INPUT RECORDS =

################

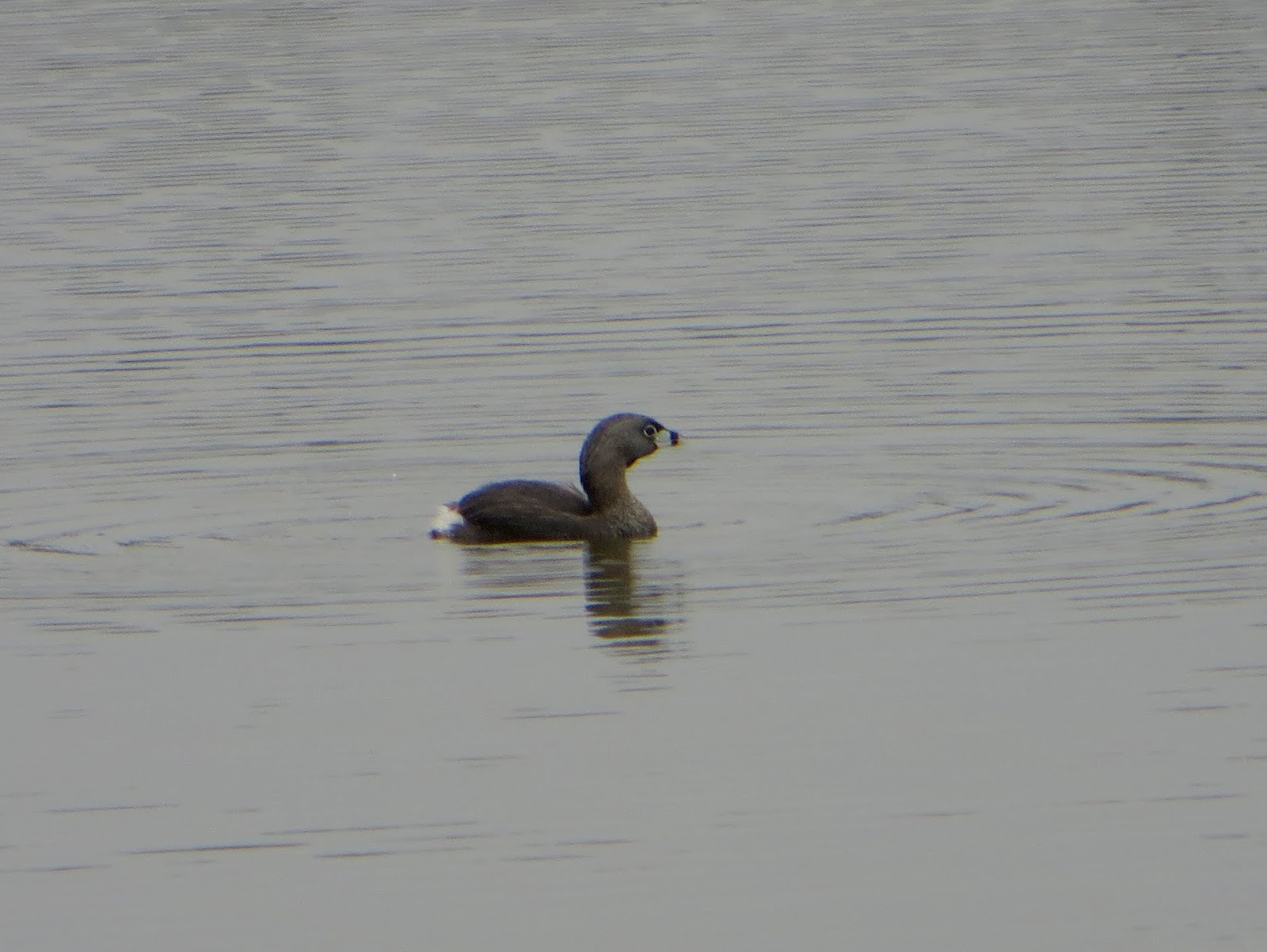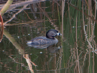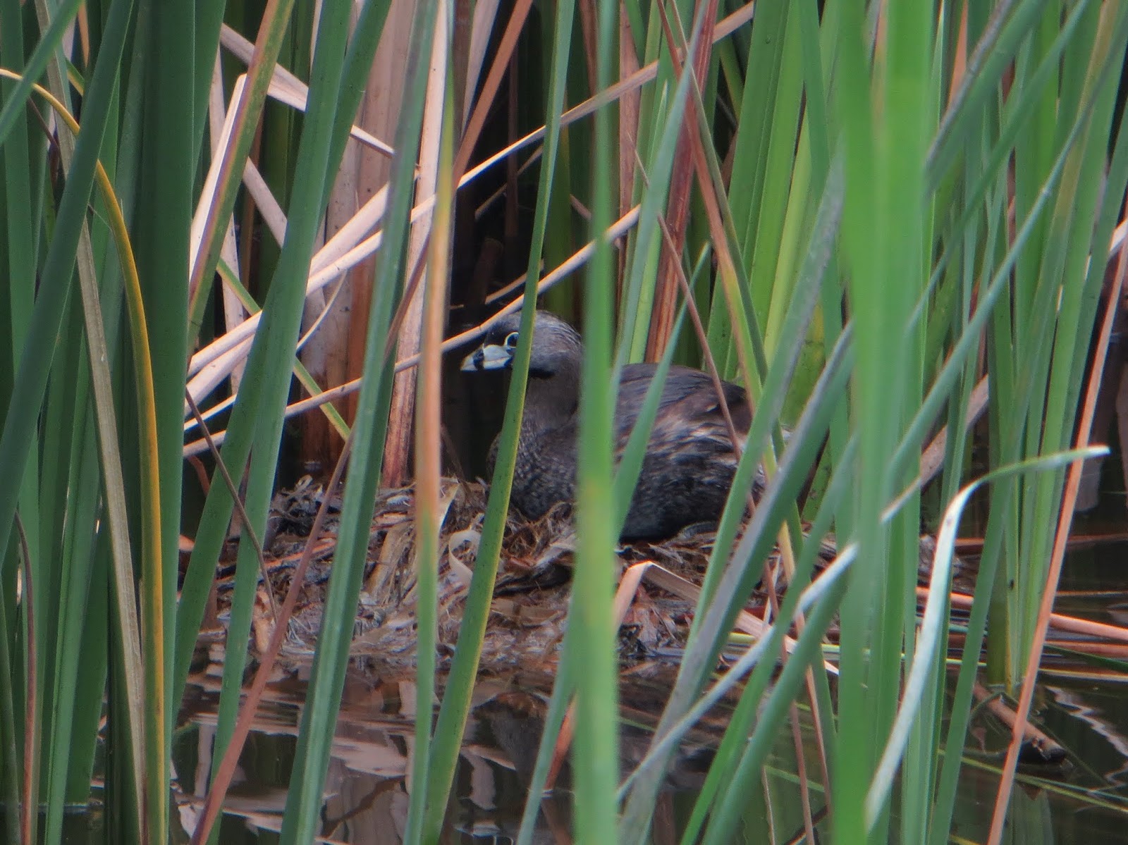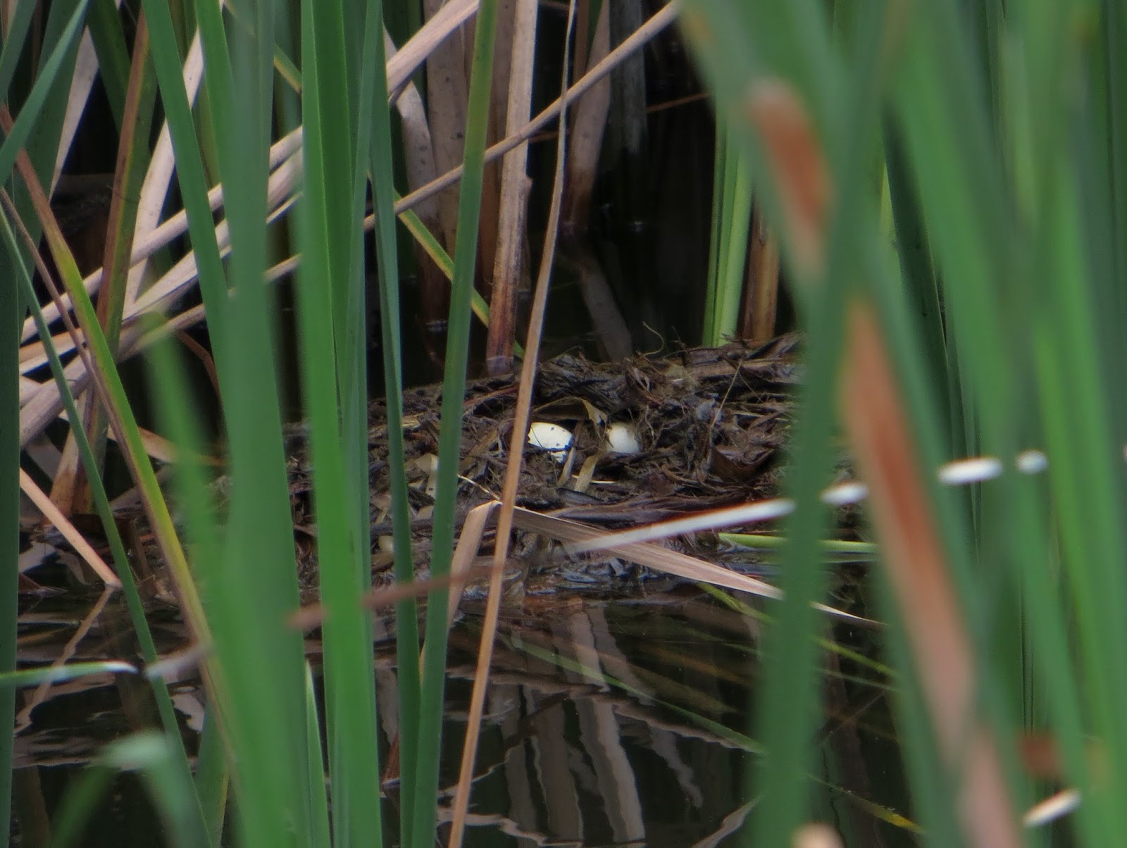 Walking alongside the road, I heard a rustling in the reeds. I walked quietly and saw a Pied-billed Grebe sitting on a pile of reeds and other plants. It stood every now and then to tuck the plants in around it, and I realized that it was a nest. Later on, after it had tucked some more material into the nest, it got up for a swim and I saw a couple of little white eggs. Below are five photos. The first three are various Pied-billed Grebes I saw. The fourth is the grebe sitting on the nest, and the fifth is just the nest with two eggs visible.
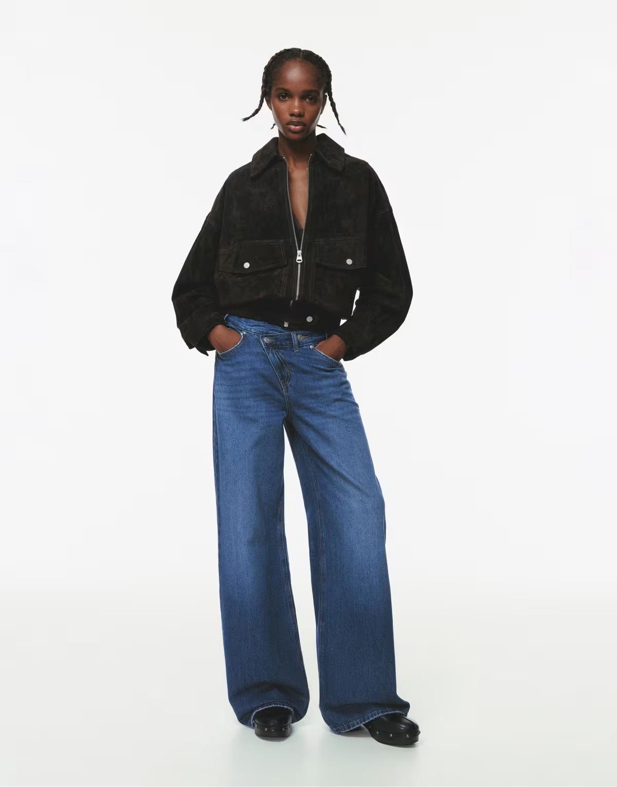 Pull&Bear Wide leg jeans with crossover waistband in medium blue
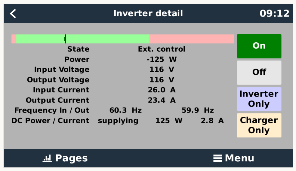 I use this screen for the big buttons on the right every so often. If I happen to be in a charge cycle with the generator running, and I need to shut the generator down or leave the boat, there is no way that Victron provides to let the generator cool down, and shutting it down when it is running hard is not cool. So I flip things to "Inverter Only" and that drops the load off the generator, albeit still quite quickly. I can then cool down the generator and shut it down.
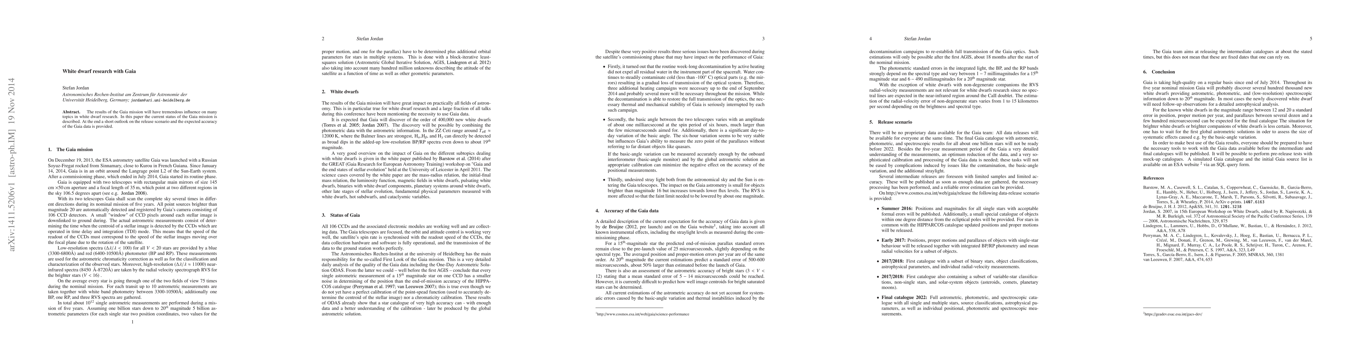 This paper reviews the current status of the Gaia mission and its anticipated impact on white dwarf research, concluding with an outlook on data release and expected accuracy.
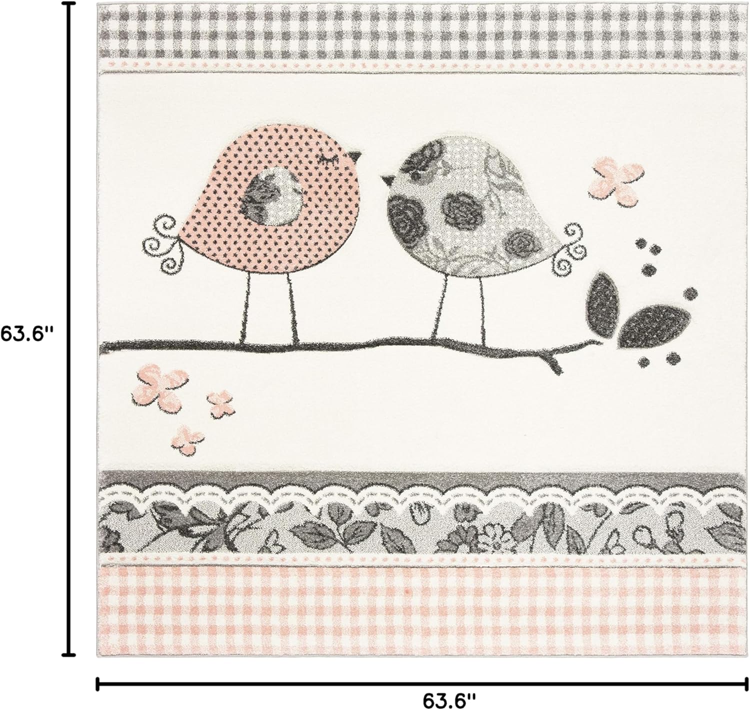 | Model Name | SAFAVIEH Carousel Kids Collection CRK153P Birds Non-Shedding Playroom Nursery Bedroom Area Rug 6'7" x 6'7" Round Pink/Ivory |
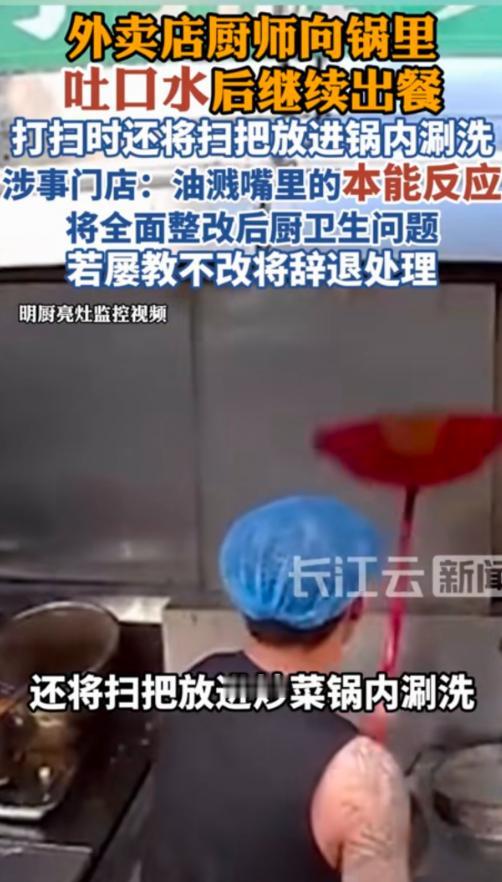 广东佛山,男子点了份餐正准备吃,骑手给他发来一段视频,视频里厨师往锅内吐了口口水,接着添加食材进行烹饪,拿扫把在锅内涮洗后清洁灶台墙面。这事闹大后,餐馆回应,说是厨师嘴内溅了油的本能反应,已全面整改后厨卫生问题。
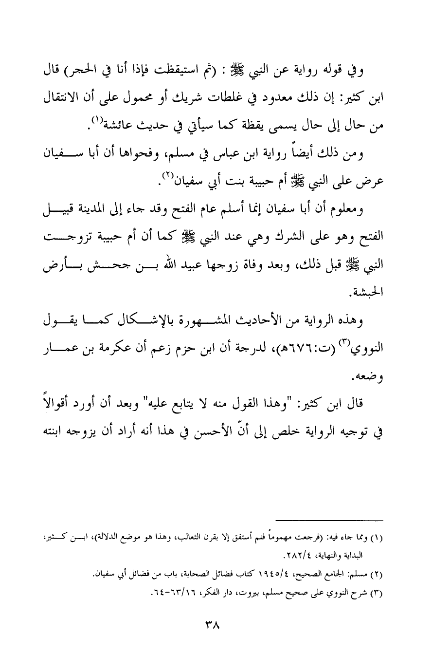 ومن ذلك أيضاً رواية ابن عباس في مسلم، وفحواها أن أبا سفيان عرض على النبي صلى الله عليه وسلم أم حبيبة بنت أبي سفيان (2) .

################

TO DO = All lines from the one holding "广东佛山,男子点了份餐正准备" to the end of the listing above need to be duplicated exactly. None of the pictures should be included.

SOLUTION TO THIS TASK =
 广东佛山,男子点了份餐正准备吃,骑手给他发来一段视频,视频里厨师往锅内吐了口口水,接着添加食材进行烹饪,拿扫把在锅内涮洗后清洁灶台墙面。这事闹大后,餐馆回应,说是厨师嘴内溅了油的本能反应,已全面整改后厨卫生问题。
 ومن ذلك أيضاً رواية ابن عباس في مسلم، وفحواها أن أبا سفيان عرض على النبي صلى الله عليه وسلم أم حبيبة بنت أبي سفيان (2) .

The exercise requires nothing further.